I think I changed a bit or perhaps I'm temporarily bored but I haven't played video games in like 4 days straight. I still look up gaming news though still beats wasting hours on playing.

I just been watching tv shows lately and took a peek at my old P90X dvds first time ever lol (had them for years). I halfassed the chest triceps dvd since I didn't have the equipment. I browsed amazon but didn't really want to shell out $800 for top notch quality gear.
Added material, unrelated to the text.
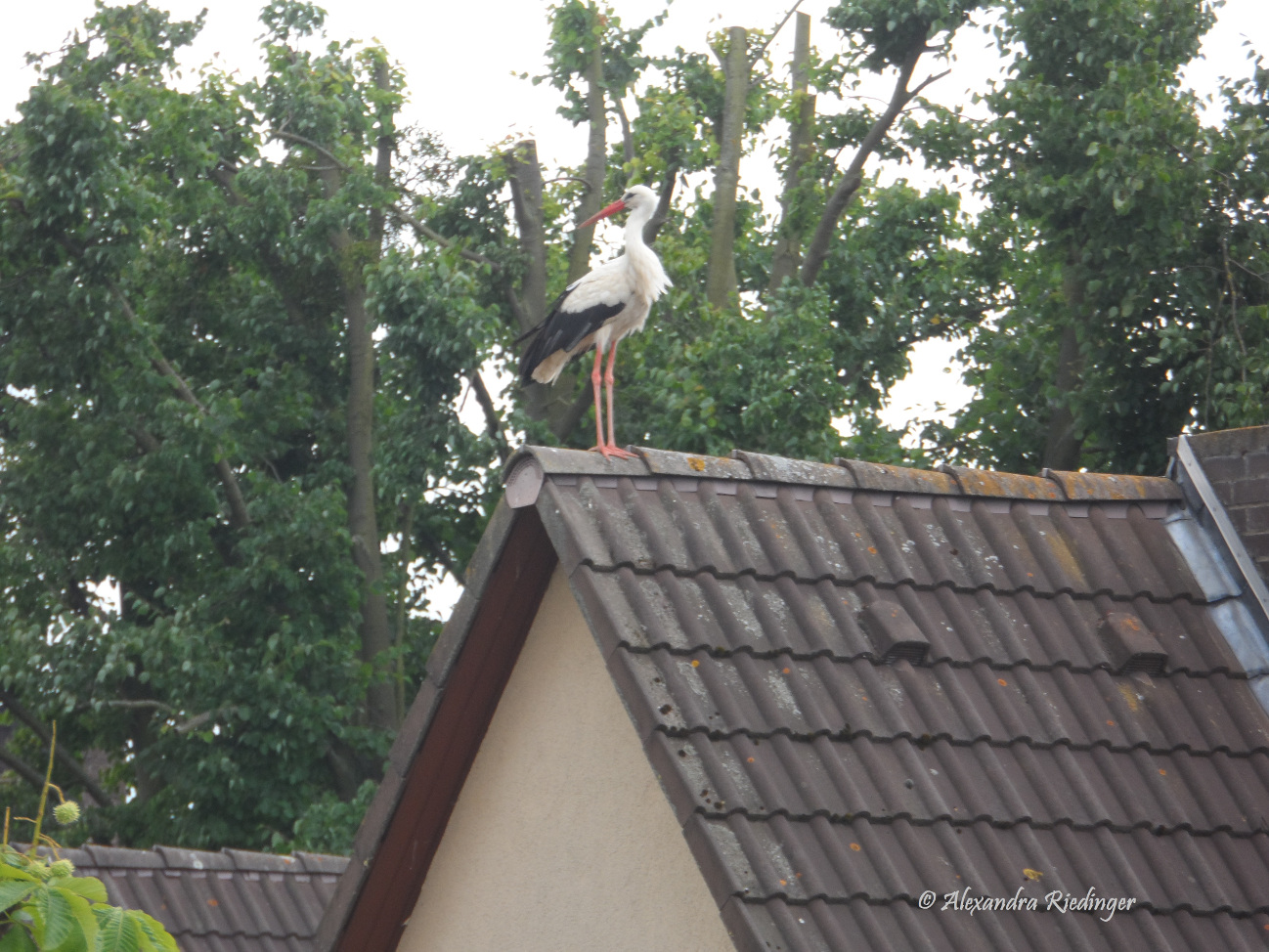 Ende Juli wird dieser Jungstorch von einer Windboe erfasst, stürzt ab und zieht sich dabei einen offenen Beinbruch zu. Die Horstbesitzerin vermutete, dass sie die Dachkante gestreift hat. Wilma überlebt diesen Unfall nicht, stirbt einige Tage später.

I also have a gym membership but really don't like going there.


----------



## CW1985 (Jan 6, 2013)

I've been an avid gamer since about 1992, but in recent years I've really started to lose interest. The longer you go without playing them, the easier it is not to start again.


----------



## vancouver (Apr 7, 2012)

Good for you, I've done the same, except I went extreme and just sold my system.... missed it in the beginning but now I've replaced that hobby with others.


----------



## Aheadofmytime (Nov 2, 2012)

honestly i just been using my 360 for netflix for the most part.


----------



## butchered (May 2, 2013)

Good on you.

I have mostly stopped now too for various reasons, and for a similar length of time to you.

For me sometimes it's just about filling that time with other things, but things that don't cause TOO much anxiety.

Boredom can be a dangerous place to linger, and I'm looking at picking other hobbies. I don't have gym membership like you do (anxiety), but I work out at home a couple of times a week.


----------



## KangalLover (Dec 26, 2012)

i haven't played much since i finished gow:a in march.and right now i haven't played any game since 2 weeks ago.


----------



## visualkeirockstar (Aug 5, 2012)

I know, games got boring lately.


----------



## WhatBITW (Jan 26, 2013)

I don't really play anything anymore either, last time I played a lot was when I was playing RuneScape last year, but quit that for the last time. I'm planning on getting GTA V this year and that's about it.


----------



## Supra (Jul 19, 2012)

playing tomb raider on pc with my gtx 680, the hair effect is kinda cool.


----------



## droen (Jul 27, 2010)

I used to be an avid gamer. Played WoW over 5 years 6 hours a day minimum, bought every popular Xbox 360 game under the sun. When I moved out of my parents place, got into a relationship, and started school, I stopped playing completely. Long story short, relationship ended, back with my parents. I must have gotten used to not playing games for all those years, because there's no games that can keep me playing as much as I used. I get bored after about an hour or two.


----------